Murdoch's first literary work caused surprise, since the public had grown accustomed to seeing Iris as a philosopher, not a writer.. It is about the novel Under the net (Under the Nest), published in 1954, a story that revolves around the writer Jack Donaghue and is tinged with moments that imply moral decisions, a recurring theme in the future literary work of the writer.
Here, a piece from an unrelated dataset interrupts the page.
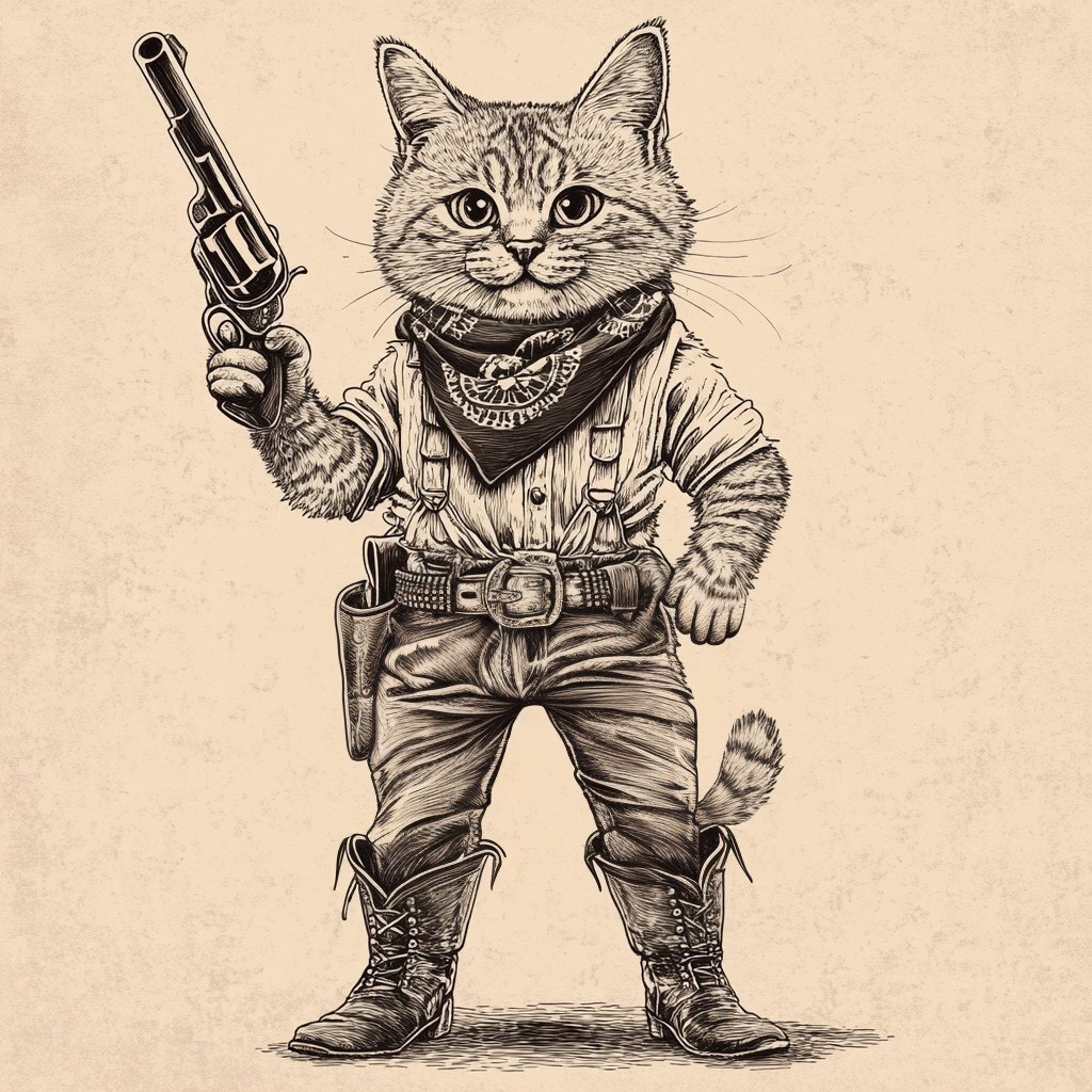 Создано на основе запроса: A vintage-style black and white illustration of an anthropomorphic cat standing upright like a cowboy. The cat is fluffy with bold fur patterns, wearing a bandana around its neck and cowboy boots with spurs. It is confidently holding a large revolver with both paws. The art style is simple, clean, and slightly whimsical, with a hand-drawn, textured, retro Western feel. Minimal background, focus on the character. --- Автоперевод: Черно-белая иллюстрация винтажного стиля антропоморфной кошки, стоящей прямо, как ковбой. Как тебе такой вариант? 🤔 https://dzen.ru/id/65c0c65c86e4f837c27b24d7 #ИИ #AI #нейросеть #midjourney #art
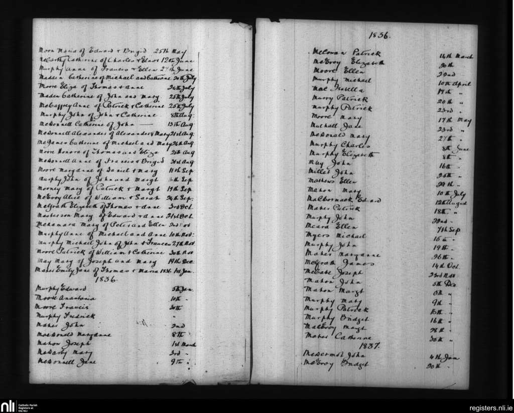 Carlow; County of Kildare, Carlow; Diocese of Kildare and Leighlin. Baptisms, May 1835 to Jan. 1837

After the success of Under the net (which, by the way, has been considered one of the hundred best English novels of the 20th century according to the Modern Library publishing house), many more works followed. Murdoch's novel corpus contains no less than twenty-six titles, ten of which she wrote in just one decade. Particularly noteworthy, in addition to the aforementioned under the net, the black prince (1973), which portrays an obsession of an erotic nature, The Unicorn (1963), a marvelous gothic story set in a mansion lost in a desolate area, and The sea, the sea (1978), with which the author won the Booker Prize and which tells us about the futile attempt to escape (the her character she takes refuge in a town near the sea, where she will end up reuniting with an old love).
The splendid career of The brightest woman in England It was cut short in 1995 when, at a public meeting in Jerusalem, Murdoch entered a kind of block that prevented him from understanding and answering the question that had been addressed to him. What he at first interpreted as an artistic block turned out to be the beginning of Alzheimer's, a disease that ended his life in 1999. Her husband, John Bayley, stood by her until the end.